━━ Dataset content ━━

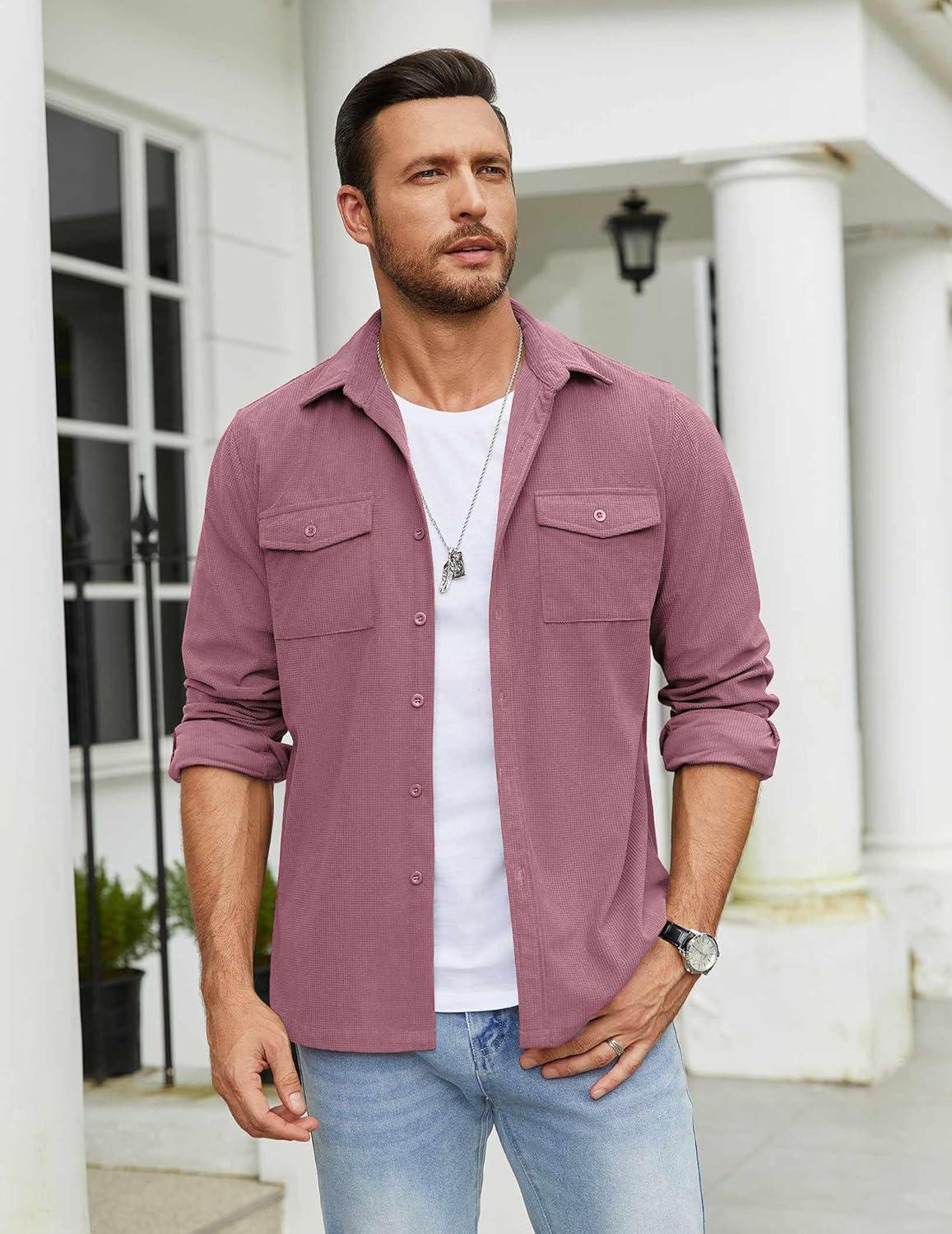 COOFANDY Men’s Button Down Waffle Shirt Jacket Casual Long Sleeve Shacket Lightweight Overshirts with Flap Pockets(Gray Purple)
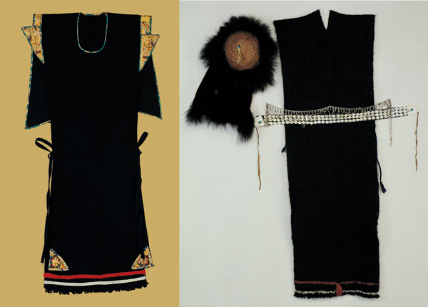 珞巴族的民族服飾已列入國家級非物質(zhì)文化遺產(chǎn)名錄。圖為珞巴族民國時(shí)期貫頭式氌氌女服與男服,中央民族大學(xué)民族博物館館藏。
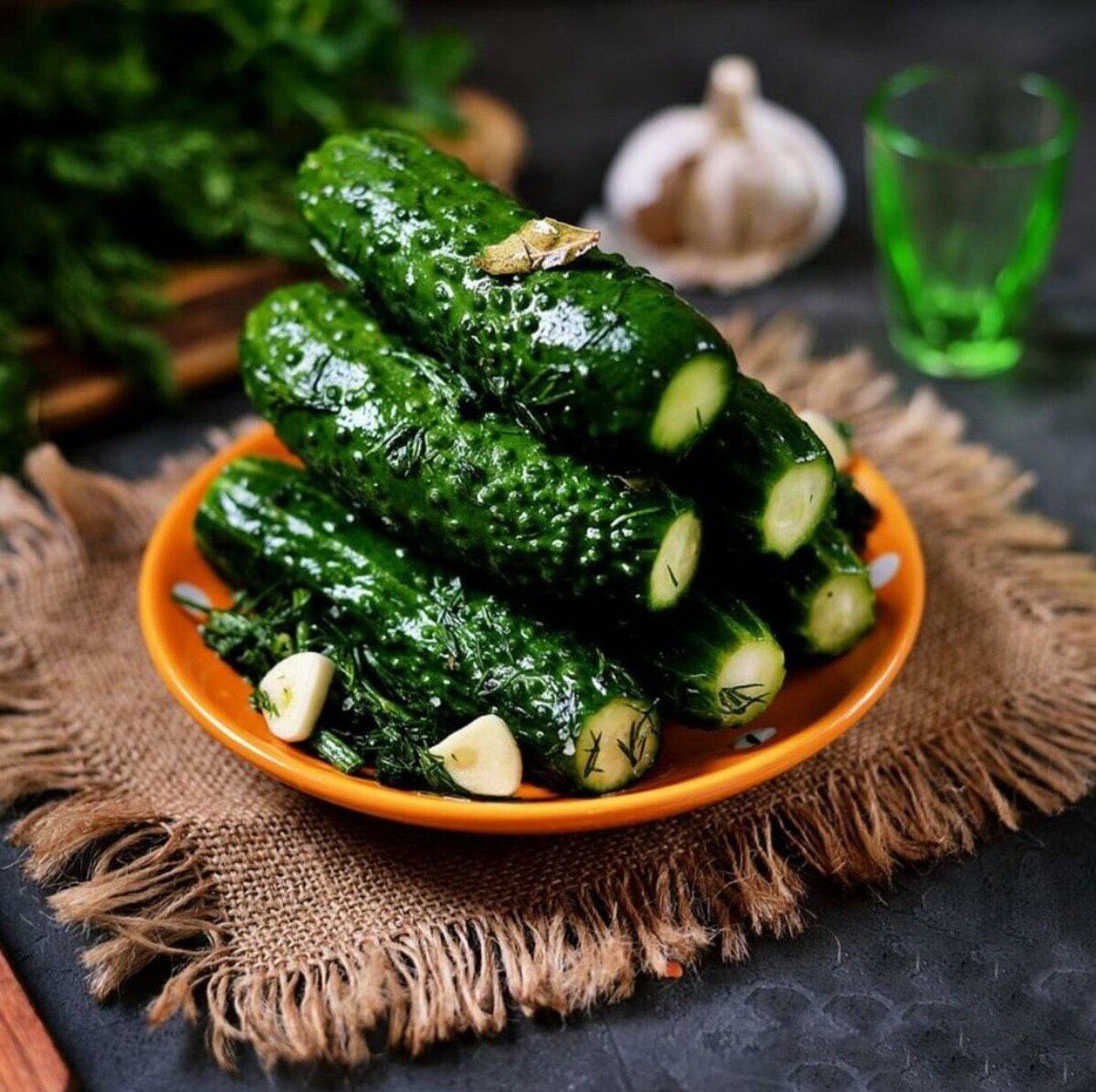 Порций 8 Время приготовления 1д 30мин Калорийность 26 ИНГРЕДИЕНТЫ ИНСТРУКЦИЯ ПРИГОТОВЛЕНИЯ 1. Возьмем все необходимые продукты. 2. Вымоем тщательно огурцы и обрежем края. 3. На дно банки (у меня полтора литровая) положим лавровый лист, перец горошком и почищенный и порезанный на пластинки чеснок. 4. Затем положим еще вымытый укроп вместе с веточками. 5. Теперь уложим наши огурцы в банку. Желательно, чтобы все огурцы были одинакового размера и не сильно маленькие. 6. Вот так разместились у меня огурцы в банке. 7. Затем возьмем вскипятим воду, размешаем в ней соль и зальем в бутыль с огурцами. Оставим остывать до комнатной температуры. Затем поставим в холодильник. И не забудьте покрыть бутыль марлей. Через сутки малосольные огурцы с чесноком будут готовы. 5 ИНТЕРЕСНЫХ ФАКТОВ О СОЛЕНЫХ ОГУРЦАХ

━━━

■ **Task to carry out**
Output the material above verbatim but exclude each picture.

■ **Final answer**
 COOFANDY Men’s Button Down Waffle Shirt Jacket Casual Long Sleeve Shacket Lightweight Overshirts with Flap Pockets(Gray Purple)
 珞巴族的民族服飾已列入國家級非物質(zhì)文化遺產(chǎn)名錄。圖為珞巴族民國時(shí)期貫頭式氌氌女服與男服,中央民族大學(xué)民族博物館館藏。
 Порций 8 Время приготовления 1д 30мин Калорийность 26 ИНГРЕДИЕНТЫ ИНСТРУКЦИЯ ПРИГОТОВЛЕНИЯ 1. Возьмем все необходимые продукты. 2. Вымоем тщательно огурцы и обрежем края. 3. На дно банки (у меня полтора литровая) положим лавровый лист, перец горошком и почищенный и порезанный на пластинки чеснок. 4. Затем положим еще вымытый укроп вместе с веточками. 5. Теперь уложим наши огурцы в банку. Желательно, чтобы все огурцы были одинакового размера и не сильно маленькие. 6. Вот так разместились у меня огурцы в банке. 7. Затем возьмем вскипятим воду, размешаем в ней соль и зальем в бутыль с огурцами. Оставим остывать до комнатной температуры. Затем поставим в холодильник. И не забудьте покрыть бутыль марлей. Через сутки малосольные огурцы с чесноком будут готовы. 5 ИНТЕРЕСНЫХ ФАКТОВ О СОЛЕНЫХ ОГУРЦАХ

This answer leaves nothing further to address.